Retype, exactly and completely, the listing that comes next, skipping its images.

## RECORDED INFORMATION
'''
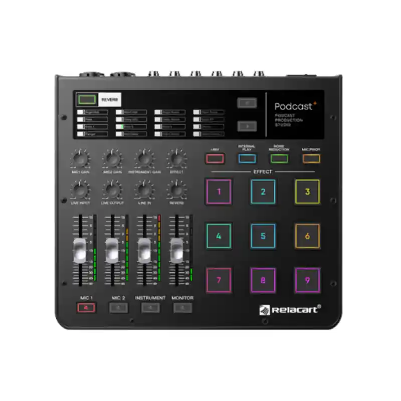 Podcast+ es un mezclador de estudio de producción de podcasts especialmente diseñado para transmisiones en vivo y momentos en movimiento, que incluye personalizaciones en vivo como mezclas, efectos de sonido y efectos. Puede conectar hasta 2 teléfonos móviles o PC al mismo tiempo para transmitir a equipos de transmisión en vivo a través de señales digitales. El diseño es liviano y fácil de transportar, la disposición del panel es simple y las funciones de los botones son claras y fáciles de entender. El dispositivo se alimenta a través de una interfaz USB-C de 5 V/1 A y admite alimentación desde un cargador de teléfono móvil o un banco de energía adecuado. Podcast+ es adecuado para transmisiones en vivo, grabaciones, karaoke y otras funciones en teléfonos móviles, tabletas, PC, etc.
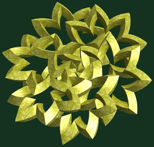 Keywords: mathematica 3d cg parametricplot3d texture torus code program algorithm プログラム コード アルゴリズム 輪環 りんかん ドーナツ どーなつ 八芒星 はちぼうせい geometric sculpture geometricsculpture shape geometry sculpture mapping テクスチャ マッピング 模様 もよう abstract 抽象 ちゅうしょう アブストラクト design pattern デザイン パターン graphic グラフィック グラフィクス structure 意匠 構造 symmetry 対称性 たいしょうせい シンメトリー 対称 たいしょう organic pattern plant foliage tree black background leaf outdoor a = 4; (* center hole size *) b = 8; (* octa-torus *) c = 4; (* distance from the center of rotation *) d = 6; (* number of torus *) h = 0; (* height of a torus *) SetOptions[ParametricPlot3D, PlotRange -> Full, Mesh -> None, Boxed -> False, Axes -> False, PlotPoints -> 400, ImageSize -> 3000, Background -> RGBColor[{20, 50, 30}/255], PlotStyle -> Directive[Specularity[White, 30], Texture[Import["D:/tmp/71.jpg"]]], TextureCoordinateFunction -> ({#4, #5 Pi} &), Lighting -> "Neutral"]; f[v_] := TriangleWave[{-1, 1}, v/(2 Pi)]; g[v_] := TriangleWave[{-1, 1}, v/(2 Pi) + 1/4]; x = (a - g[t] - f[b s]) Cos[s] + c; y = (a - g[t] - f[b s]) Sin[s] + c; z = (a - f[t] - h f[b s]); rm = Table[{x, y, z}.RotationMatrix[2 i Pi/d, {0, 1, 2}], {i, d}]; ParametricPlot3D[rm, {t, 0, 2 Pi}, {s, 0, Pi}] (*--- The Texture *) a = 4; (* center hole size *) b = 8; (* octa-torus *) c = 4; (* distance from the center of rotation *) d = 6; (* number of torus *) h = 0; (* height of a torus *) SetOptions[ParametricPlot3D, PlotRange -> Full, Mesh -> None, Boxed -> False, Axes -> False, PlotPoints -> 400, ImageSize -> 3000, Background -> RGBColor[{20, 50, 30}/255], PlotStyle -> Directive[Specularity[White, 30], Texture[Import["D:/tmp/71.jpg"]]], TextureCoordinateFunction -> ({#4, #5 Pi} &), Lighting -> "Neutral"]; f[v_] := TriangleWave[{-1, 1}, v/(2 Pi)]; g[v_] := TriangleWave[{-1, 1}, v/(2 Pi) + 1/4]; x = (a - g[t] - f[b s]) Cos[s] + c; y = (a - g[t] - f[b s]) Sin[s] + c; z = (a - f[t] - h f[b s]); rm = Table[{x, y, z}.RotationMatrix[2 i Pi/d, {0, 1, 2}], {i, d}]; ParametricPlot3D[rm, {t, 0, 2 Pi}, {s, 0, Pi}] (*--- The Texture *) |
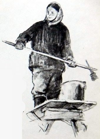 И проклятая бадья, которая раньше не хотела спускаться, теперь, покорно повизгивая, поползла книзу. Всё ближе снежная земля, всё ближе лысая голова Николая Ивановича…
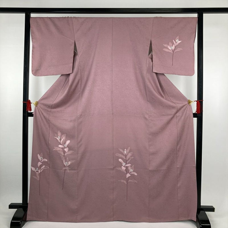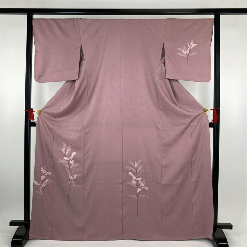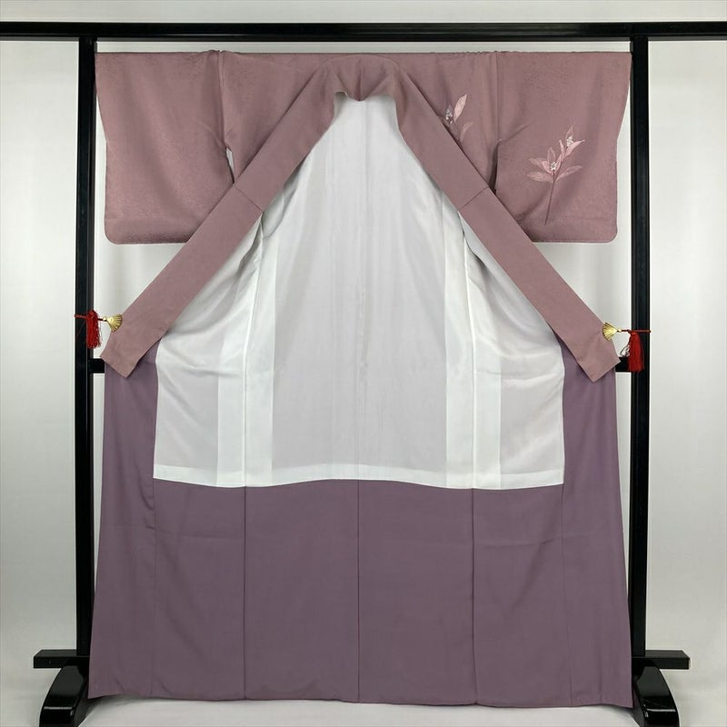 (中古)訪問着 紫 セミフォーマル カジュアル 地紋織り 植物 袷 L【身丈】166.5cm【裄丈】69.5cm
'''
## TASK SOLUTION
 Podcast+ es un mezclador de estudio de producción de podcasts especialmente diseñado para transmisiones en vivo y momentos en movimiento, que incluye personalizaciones en vivo como mezclas, efectos de sonido y efectos. Puede conectar hasta 2 teléfonos móviles o PC al mismo tiempo para transmitir a equipos de transmisión en vivo a través de señales digitales. El diseño es liviano y fácil de transportar, la disposición del panel es simple y las funciones de los botones son claras y fáciles de entender. El dispositivo se alimenta a través de una interfaz USB-C de 5 V/1 A y admite alimentación desde un cargador de teléfono móvil o un banco de energía adecuado. Podcast+ es adecuado para transmisiones en vivo, grabaciones, karaoke y otras funciones en teléfonos móviles, tabletas, PC, etc.
 Keywords: mathematica 3d cg parametricplot3d texture torus code program algorithm プログラム コード アルゴリズム 輪環 りんかん ドーナツ どーなつ 八芒星 はちぼうせい geometric sculpture geometricsculpture shape geometry sculpture mapping テクスチャ マッピング 模様 もよう abstract 抽象 ちゅうしょう アブストラクト design pattern デザイン パターン graphic グラフィック グラフィクス structure 意匠 構造 symmetry 対称性 たいしょうせい シンメトリー 対称 たいしょう organic pattern plant foliage tree black background leaf outdoor a = 4; (* center hole size *) b = 8; (* octa-torus *) c = 4; (* distance from the center of rotation *) d = 6; (* number of torus *) h = 0; (* height of a torus *) SetOptions[ParametricPlot3D, PlotRange -> Full, Mesh -> None, Boxed -> False, Axes -> False, PlotPoints -> 400, ImageSize -> 3000, Background -> RGBColor[{20, 50, 30}/255], PlotStyle -> Directive[Specularity[White, 30], Texture[Import["D:/tmp/71.jpg"]]], TextureCoordinateFunction -> ({#4, #5 Pi} &), Lighting -> "Neutral"]; f[v_] := TriangleWave[{-1, 1}, v/(2 Pi)]; g[v_] := TriangleWave[{-1, 1}, v/(2 Pi) + 1/4]; x = (a - g[t] - f[b s]) Cos[s] + c; y = (a - g[t] - f[b s]) Sin[s] + c; z = (a - f[t] - h f[b s]); rm = Table[{x, y, z}.RotationMatrix[2 i Pi/d, {0, 1, 2}], {i, d}]; ParametricPlot3D[rm, {t, 0, 2 Pi}, {s, 0, Pi}] (*--- The Texture *) a = 4; (* center hole size *) b = 8; (* octa-torus *) c = 4; (* distance from the center of rotation *) d = 6; (* number of torus *) h = 0; (* height of a torus *) SetOptions[ParametricPlot3D, PlotRange -> Full, Mesh -> None, Boxed -> False, Axes -> False, PlotPoints -> 400, ImageSize -> 3000, Background -> RGBColor[{20, 50, 30}/255], PlotStyle -> Directive[Specularity[White, 30], Texture[Import["D:/tmp/71.jpg"]]], TextureCoordinateFunction -> ({#4, #5 Pi} &), Lighting -> "Neutral"]; f[v_] := TriangleWave[{-1, 1}, v/(2 Pi)]; g[v_] := TriangleWave[{-1, 1}, v/(2 Pi) + 1/4]; x = (a - g[t] - f[b s]) Cos[s] + c; y = (a - g[t] - f[b s]) Sin[s] + c; z = (a - f[t] - h f[b s]); rm = Table[{x, y, z}.RotationMatrix[2 i Pi/d, {0, 1, 2}], {i, d}]; ParametricPlot3D[rm, {t, 0, 2 Pi}, {s, 0, Pi}] (*--- The Texture *) |
 И проклятая бадья, которая раньше не хотела спускаться, теперь, покорно повизгивая, поползла книзу. Всё ближе снежная земля, всё ближе лысая голова Николая Ивановича…
 (中古)訪問着 紫 セミフォーマル カジュアル 地紋織り 植物 袷 L【身丈】166.5cm【裄丈】69.5cm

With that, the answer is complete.